Structural highlights

2iy2 is a 2 chain structure with sequence from Escherichia coli. Full crystallographic information is available from OCA. For a guided tour on the structure components use FirstGlance.
Method:X-ray diffraction, Resolution 1.9Å
Ligands:
Resources:FirstGlance, OCA, PDBe, RCSB, PDBsum, ProSAT

Function

DSBG_ECOLI Involved in disulfide bond formation. DsbG and DsbC are part of a periplasmic reducing system that controls the level of cysteine sulfenylation, and provides reducing equivalents to rescue oxidatively damaged secreted proteins such as ErfK, YbiS and YnhG. Probably also functions as a disulfide isomerase with a narrower substrate specificity than DsbC. DsbG is maintained in a reduced state by DsbD. Displays chaperone activity in both redox states in vitro.[1]

Evolutionary Conservation

Check, as determined by ConSurfDB. You may read the explanation of the method and the full data available from ConSurf.
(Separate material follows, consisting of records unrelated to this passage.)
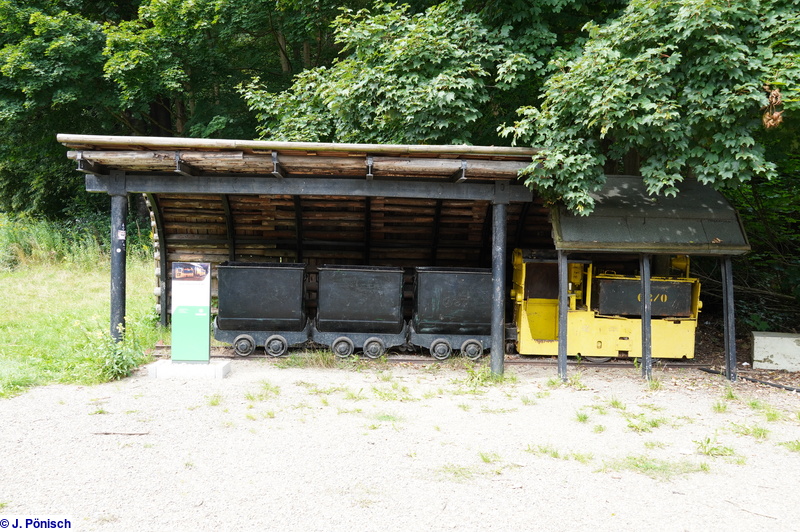 Der Weg mündet nun wieder in eine Straße, die uns nach 200 m zu einer Kreuzung bringt. Hier biegen wir links in die Wiesenstraße. Nach 200 m müssen wir die Brücke nach rechts überqueren und links in die Waldstraße biegen. Diese geht bald in einen Waldweg über, dem wir hinab ins Muldental folgen. Nach 1 km erreichen wir eine Waldwegkreuzung. Wir fahren rechts zum Parkplatz hinab und links in die Talstraße (nach rechts gelangen wir zu Schloss und Burg Stein). Dieser müssen wir nun 2 km folgen. Hier können wir einen Abstecher zur Prinzenhöhle (Einkehrmöglichkeit) oder zum Schacht 371 (ehemals tiefster Schacht der Wismut) machen.
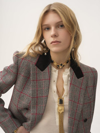 Double-breasted tailored jacket in lower-impact wool check, featuring a contrast velvet collar, front flap pockets and engraved horn buttons. PRODUCT DETAILS Double-breasted tailored jacket outer shell: 100% Wool Lining: 100% Silk Collar: 100% Cotton Button: 100% Water buffalo horn Fit: tailored - The model is 5'10" (178 cm) and wears a prototype in size 38 - Tailored double-breasted jacket - Engraved horn buttons at front & cuffs - Front flap pockets The wool used in this product comes from a farm that respects animal welfare, maintains soil health, protects biodiversity and promotes native species. Color: Black Item code: CH25AVE64097905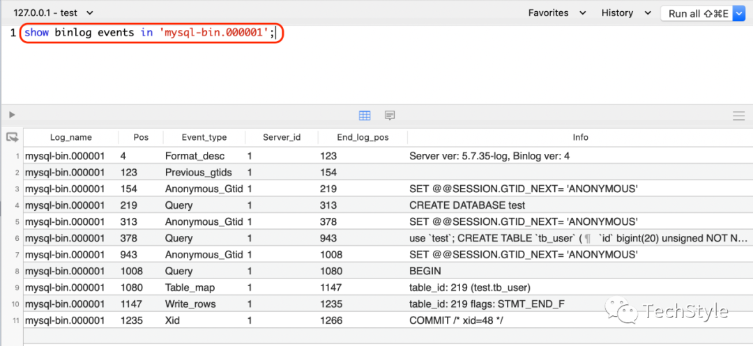 在数据库中创建一个数据库、表,插入一些数据后,在MySQL DB Client 端查看 binlog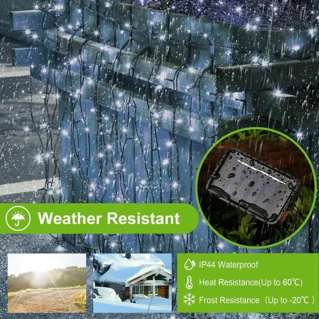 3. *IP44 Waterproof & 72ft Flexible Installation:Can still shine in rainy and snowy days with IP44 waterproof performance and can be flexibly wrapped on fences,handrails,lawn,trunks or gazebos with 72ft long cable.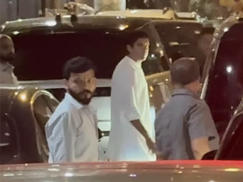 ऋतिक रोशन पिता राकेश रोशन के साथ धर्मेंद्र के निधन पर मंगलवार को शोक संवेदना जताने उनके घर पहुंचे।

Publication Abstract from PubMed

DsbC and DsbG are periplasmic disulfide-bond isomerases, enzymes that facilitate the folding of secreted proteins with multiple disulfide bonds by catalyzing disulfide-bond rearrangement. Both enzymes also have in vitro chaperone activity. The crystal structures of these molecules are similar and both are V-shaped homodimeric modular structures. Each dimeric molecule contains two separate C-terminal thioredoxin-fold domains, joined by hinged helical "stalks" to a single N-terminal dimerization domain formed from the N-terminal 67 residues of each monomer. In this work, the crystal structures of the separate DsbC and DsbG dimerization domains have been determined at resolutions of 2.0 and 1.9 A, respectively. The two structures are both similar to the corresponding domains in the full-length molecules, showing that the dimerization domains fold independently of the catalytic portions of the full-length molecules. Localized structural differences between DsbC and DsbG were observed near the dimer interface and may be relevant to the different functions of the two enzymes.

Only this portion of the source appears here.